Banana Cream Pudding Pie
You can never have too many dessert recipes, so give Banana Cream Pudding Pie a try. One portion of this dish contains around 4g of protein, 8g of fat, and a total of 230 calories. This recipe covers 6% of your daily requirements of vitamins and minerals. This recipe serves 8. From preparation to the plate, this recipe takes about 3 hours and 40 minutes. If you have egg yolks, butter, sugar, and a few other ingredients on hand, you can make it.
Instructions
Heat oven to 450F. Make pie crust as directed on box for One-Crust
Baked Shell using 9-inch glass pie plate.
Bake 9 to 11 minutes or until lightly browned. Cool completely, about 30 minutes.
Meanwhile, in 2-quart saucepan, mix sugar, cornstarch and salt. Stir in milk until smooth.

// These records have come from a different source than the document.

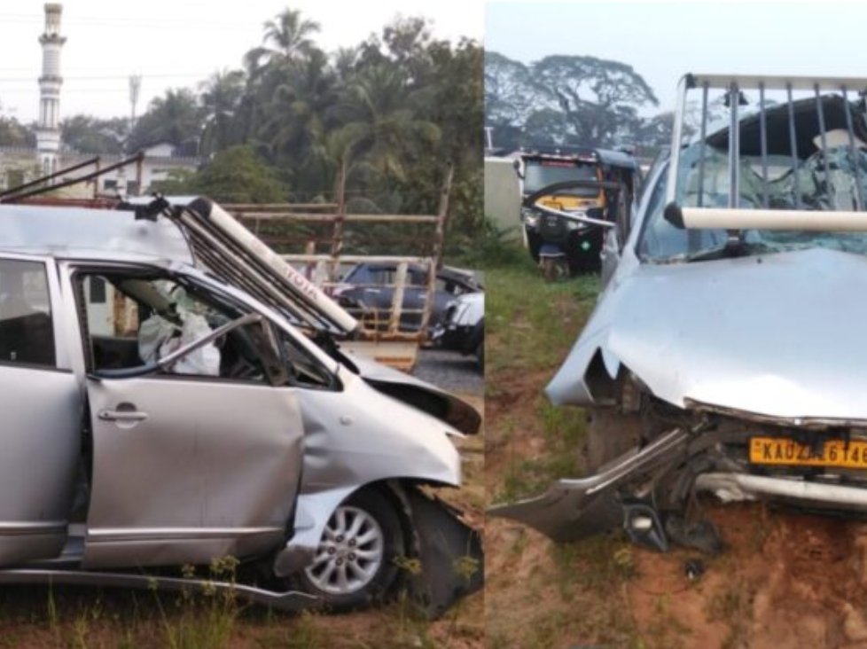 ಅಪಘಾತದಿಂದ ಕಾರು ಸಂಪೂರ್ಣ ಜಖಂಗೊಂಡಿದೆ.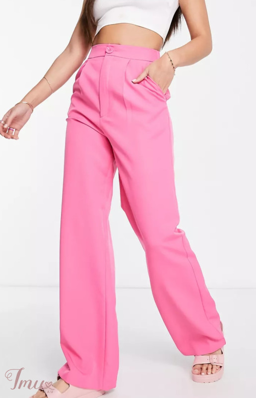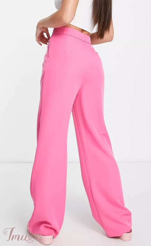 Rožinės plačios kelnės, aukštaūgėms. Iš nugaros guma. stradivarius
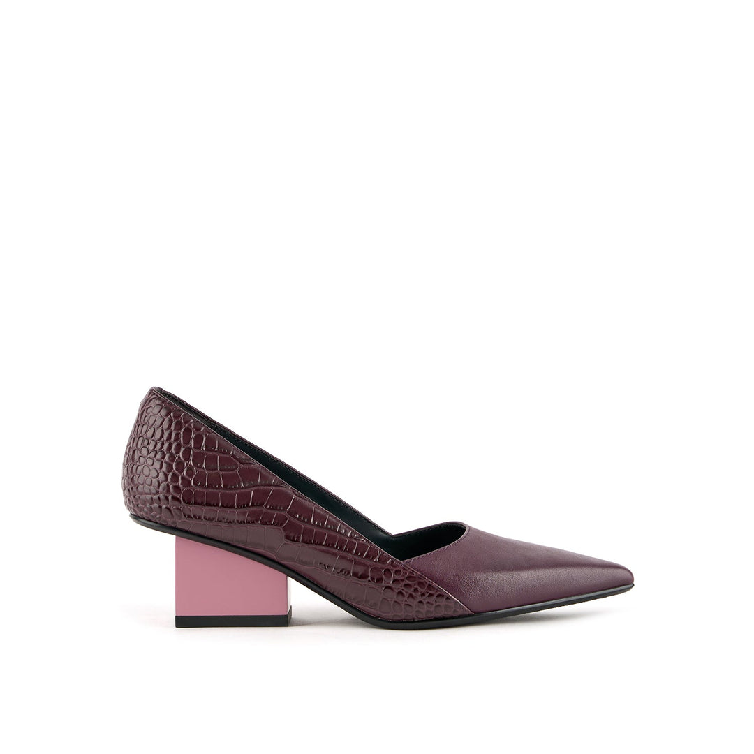 The Raila Pump offers a sophisticated and modern take on a classic silhouette. Featuring a sleek, pointed toe and a refined leather upper crafted in polished leathers and metallics, the Raila maintains an elegant profile. The defining feature is the geometric block heel, which provides stability and adds contemporary edge.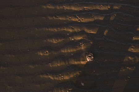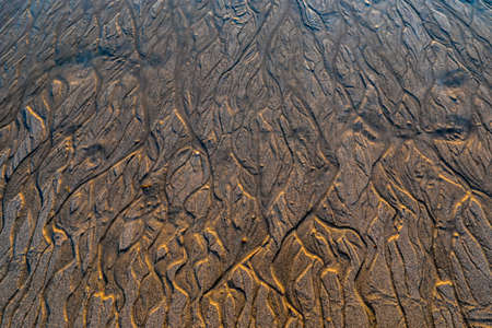 Wavelets formed on the sand and silty-clay shore. Pattern. Brown and gold colors. Sand patterns on the beach at low tide.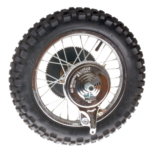 Minimoto XRF500 Dirt Bike rear wheel assembly. Comes complete with 15x2.5 tire, tube, chrome spoked rim, sprocket, 108mm band brake assembly, and bearings.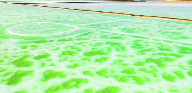 8月15日,航拍地處青海省海西州茫崖市的翡翠湖。翡翠湖是一個人工鹽湖,田字狀的湖水呈現(xiàn)出青翠的色彩。[詳細(xì)] -
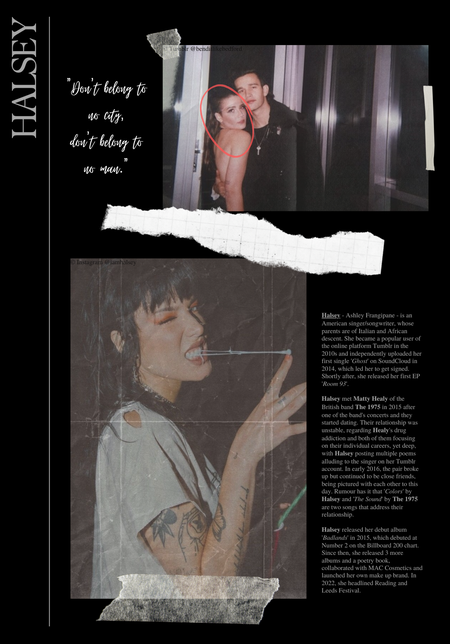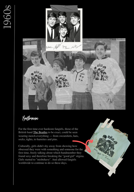 For one of my final assessments at BIMM, I created another zine. As I‘ve been a part of different fandoms since I can remember — from when I first saw Miley Cyrus in her blonde Hannah Montana wig, One Direction jump around on a beach for the music video to their hit song 'What Makes You Beautiful', Matty Healy being adored by girls in a music video to a song with exactly that title ('Girls') to Halsey running around a motel and ending up in 'Room 93' — and I experienced all of them moulding my identity and self expression, I wanted to explore the origin and development of fans, as well as their object of fandom, and how both set significant trends, make important statements and impact culture & society.

Cook over medium heat, stirring constantly, until mixture boils and thickens; boil and stir 2 minutes.
Stir about 1/4 cup hot mixture into egg yolks. Gradually stir yolk mixture into hot mixture. Cook over medium heat, stirring constantly, just until mixture begins to bubble and is thickened.
Remove from heat; stir in butter and vanilla. Cool until lukewarm, about 20 minutes.
Arrange banana slices in cooled baked shell.
Pour cooled pudding over bananas. Refrigerate until set, at least 3 hours. Top with whipped cream. Store in refrigerator.